As of March 2026, the United States has reached a tipping point. With 20 states now enforcing their own versions of the CCPA and GDPR-style laws (including recent strict updates in Texas and Maryland), the internet is more regulated than ever.
The "Identity Perimeter"
Regulators are now focusing on "Identity Governance." They are penalizing companies that collect sensitive data—like precise geolocation—without explicit, transparent consent. This is exactly why Meeting Point refuses to use "Sign-in with Google" or account-based tracking.

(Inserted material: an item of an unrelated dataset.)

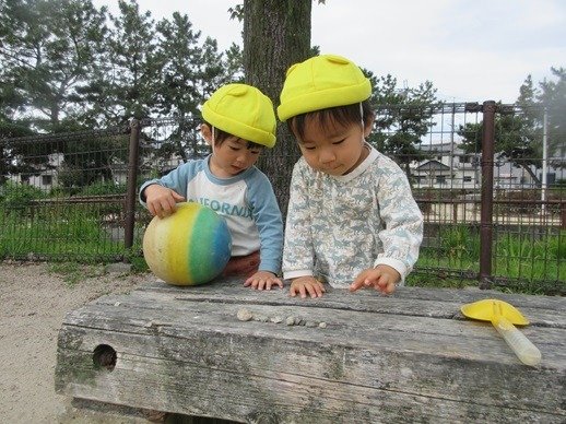 相変わらず虫探しに夢中ですよ。ダンゴムシは手のひらいっぱいに集めて大事に握りしめていたりします。保育室にダンゴムシが歩いていることも。誰かのポケットからでてきたのかもしれませんね。笑

When a tool doesn't ask for your identity, it isn't just a privacy feature—it's a compliance masterstroke. By removing the "Personal Information" from the equation entirely, we provide a safer harbor for users in all 50 states.
The Compliance Challenge
Companies operating across state lines now face a patchwork of different requirements:
- California's CCPA and CPRA
- Virginia's CDPA
- Colorado's CPA
- Connecticut, Utah, Iowa, and 14 more states with their own laws
Each state has different definitions of "personal information," different opt-out requirements, and different penalties for non-compliance. The complexity is overwhelming for most companies.
The Accountless Advantage
Meeting Point's approach sidesteps this entire maze. If you don't collect personal information, you don't have to worry about:
- Data retention requirements
- Right-to-deletion requests
- Data portability mandates
- Consent management
- Cross-border data transfer restrictions
The Future is Minimal
As privacy regulations continue to expand, we expect more services to adopt "data minimization" strategies. The companies that thrive in this new landscape will be those that collected the least data to begin with.